# I need some help with these two calculator trig problems

1. Oct 10, 2004

### omicron

I need some help with these two questions:
$$tan2A=cot40$$(40degrees)
and
$$cosec^2x=1$$

2. Oct 10, 2004

### geometer

Exactly what help do you need?

3. Oct 10, 2004

### HallsofIvy

Can you use your calculator (which looks to me like the only way to do the first one)?
If you can, use to find cot (40) and then to find 2A.

As for the second problem, do you know that cosec x is defined as 1/sin x?

If cosec^2 x= 1, what is sin^2 x?

4. Oct 10, 2004

### omicron

Doing the question. I just don't know.

How do u find cot(40)? Don't u have to change it to $$\frac{1}{tan\theta}$$ or something like that?

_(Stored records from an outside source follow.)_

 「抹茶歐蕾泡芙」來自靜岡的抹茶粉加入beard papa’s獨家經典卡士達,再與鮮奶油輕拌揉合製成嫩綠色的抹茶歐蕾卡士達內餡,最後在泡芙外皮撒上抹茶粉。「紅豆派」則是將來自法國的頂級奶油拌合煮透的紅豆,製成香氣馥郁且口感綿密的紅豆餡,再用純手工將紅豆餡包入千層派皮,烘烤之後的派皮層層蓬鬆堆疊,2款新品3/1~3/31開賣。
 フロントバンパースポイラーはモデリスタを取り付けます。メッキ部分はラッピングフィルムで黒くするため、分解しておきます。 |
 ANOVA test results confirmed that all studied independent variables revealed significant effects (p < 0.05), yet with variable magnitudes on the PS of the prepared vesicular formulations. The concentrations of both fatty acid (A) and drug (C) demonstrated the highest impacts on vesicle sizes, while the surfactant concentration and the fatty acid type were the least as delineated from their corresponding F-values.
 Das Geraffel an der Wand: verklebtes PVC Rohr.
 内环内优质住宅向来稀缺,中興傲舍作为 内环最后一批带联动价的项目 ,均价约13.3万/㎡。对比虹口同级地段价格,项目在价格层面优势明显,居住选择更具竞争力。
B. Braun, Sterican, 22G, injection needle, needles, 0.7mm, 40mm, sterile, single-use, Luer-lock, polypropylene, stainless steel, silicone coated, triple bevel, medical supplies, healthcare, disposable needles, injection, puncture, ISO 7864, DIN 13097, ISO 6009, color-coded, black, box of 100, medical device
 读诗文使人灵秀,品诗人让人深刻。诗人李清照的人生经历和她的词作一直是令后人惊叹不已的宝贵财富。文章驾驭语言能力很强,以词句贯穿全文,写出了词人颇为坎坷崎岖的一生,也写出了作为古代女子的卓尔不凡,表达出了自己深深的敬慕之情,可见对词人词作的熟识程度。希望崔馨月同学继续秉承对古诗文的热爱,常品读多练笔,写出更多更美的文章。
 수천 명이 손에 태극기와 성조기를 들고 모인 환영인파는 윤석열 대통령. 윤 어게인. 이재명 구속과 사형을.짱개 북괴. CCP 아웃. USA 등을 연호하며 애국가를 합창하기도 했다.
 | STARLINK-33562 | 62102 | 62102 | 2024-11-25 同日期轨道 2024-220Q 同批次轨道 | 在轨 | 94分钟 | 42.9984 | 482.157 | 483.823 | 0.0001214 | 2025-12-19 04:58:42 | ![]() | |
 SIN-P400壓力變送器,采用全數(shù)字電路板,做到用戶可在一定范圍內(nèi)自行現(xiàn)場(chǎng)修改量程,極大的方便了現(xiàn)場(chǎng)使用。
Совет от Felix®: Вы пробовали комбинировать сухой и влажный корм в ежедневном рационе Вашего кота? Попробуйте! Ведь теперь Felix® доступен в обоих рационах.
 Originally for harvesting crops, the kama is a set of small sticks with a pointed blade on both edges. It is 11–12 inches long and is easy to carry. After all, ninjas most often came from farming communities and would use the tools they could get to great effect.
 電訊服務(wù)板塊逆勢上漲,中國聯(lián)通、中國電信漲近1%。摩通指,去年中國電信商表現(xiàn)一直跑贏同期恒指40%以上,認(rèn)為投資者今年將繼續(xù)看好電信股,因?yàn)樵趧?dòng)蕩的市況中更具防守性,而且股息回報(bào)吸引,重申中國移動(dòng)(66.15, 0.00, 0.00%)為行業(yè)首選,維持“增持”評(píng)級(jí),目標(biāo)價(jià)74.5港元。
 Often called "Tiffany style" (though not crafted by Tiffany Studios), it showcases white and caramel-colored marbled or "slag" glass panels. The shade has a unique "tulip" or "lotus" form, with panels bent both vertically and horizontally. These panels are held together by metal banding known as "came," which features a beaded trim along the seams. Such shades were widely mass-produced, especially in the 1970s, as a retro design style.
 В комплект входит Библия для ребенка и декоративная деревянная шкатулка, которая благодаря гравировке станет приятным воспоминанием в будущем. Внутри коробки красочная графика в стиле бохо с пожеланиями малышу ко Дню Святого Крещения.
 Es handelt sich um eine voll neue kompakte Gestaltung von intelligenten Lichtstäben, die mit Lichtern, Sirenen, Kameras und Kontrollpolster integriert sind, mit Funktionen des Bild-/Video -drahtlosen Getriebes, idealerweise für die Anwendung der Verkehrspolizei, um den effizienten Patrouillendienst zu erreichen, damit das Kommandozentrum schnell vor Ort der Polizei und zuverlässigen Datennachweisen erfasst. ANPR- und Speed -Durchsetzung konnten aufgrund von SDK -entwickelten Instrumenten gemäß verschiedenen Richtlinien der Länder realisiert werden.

So are u saying that $$cosec^2x=1$$ can be also written as $$\frac{1}{sin^2x} = 1$$

5. Oct 10, 2004

Staff Emeritus
Yup. And then what can you conclude from that, concerning x?

6. Oct 11, 2004

### omicron

It is in the 1st and 2nd quadrants?

7. Oct 11, 2004

### rhia

tan 2A = cot40 =tan 50
=> 2A = [50 +n(180)]degrees
=>A=25+90n deg

cosec^2 x = 1 =>sinx=+-1=>x=180n+(-1)^n *(+-90) deg

8. Oct 11, 2004

### misogynisticfeminist

For the 2nd question.....

$$cosec^2x=1$$ can be expressed as,

$$1/sin^2x=1$$ while multiplying $$sin^2x$$ both sides, we have,

$$1=sin^2x$$ and by square rooting both sides, we now have,

$$sinx= \pm1$$

and so, since sin x is both positive and negative, it must lie in all quadrants with alpha 90 degrees.

Last edited: Oct 11, 2004
9. Oct 12, 2004

### omicron

Oh so now i know. I didn't know u could $$\sqrt{sin^2x}$$. Thanks to everyone that helped.